> _WHAT YOU NEED TO DO_: Look below for the line with "Abb. 51: Stadteingang", then repeat it and all lines after it, exactly, minus any pictures.

((

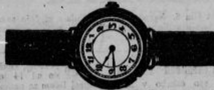
Zaprte ure, srebrne od Din 152.— naprej. 14 karat zlato od Din 296.— naprej.

PRESERNOVA ULICA 4 — POLEG FRANCISKANSKE CERKVE — NAJVEČJA ZALOGA UR, ZLATNINE IN SREBRNINE. — LASTNA TOVARNA UR V SVICI
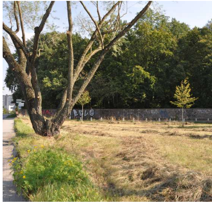
Abb. 51: Stadteingang vor der Fasaneriemauer, 2024
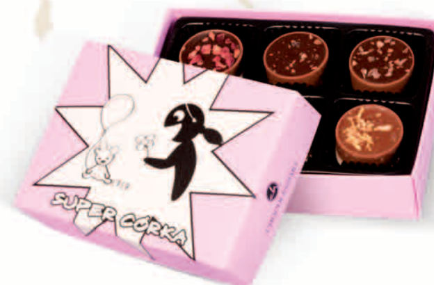
SUPER CÓRKA NR REF. 3083
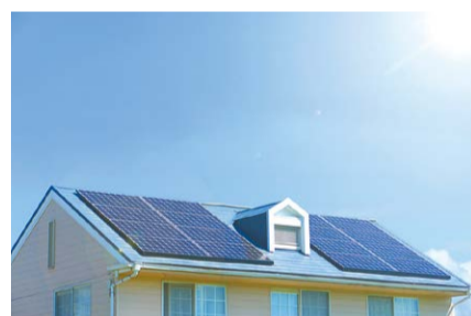
台風や雷による破損も報告が必要です

問 経済産業省(☎03-3501-1511)、県庁気候変動対策課(☎027-897-2752)

))

> _SOLVED EXERCISE_:
Abb. 51: Stadteingang vor der Fasaneriemauer, 2024
SUPER CÓRKA NR REF. 3083
台風や雷による破損も報告が必要です

問 経済産業省(☎03-3501-1511)、県庁気候変動対策課(☎027-897-2752)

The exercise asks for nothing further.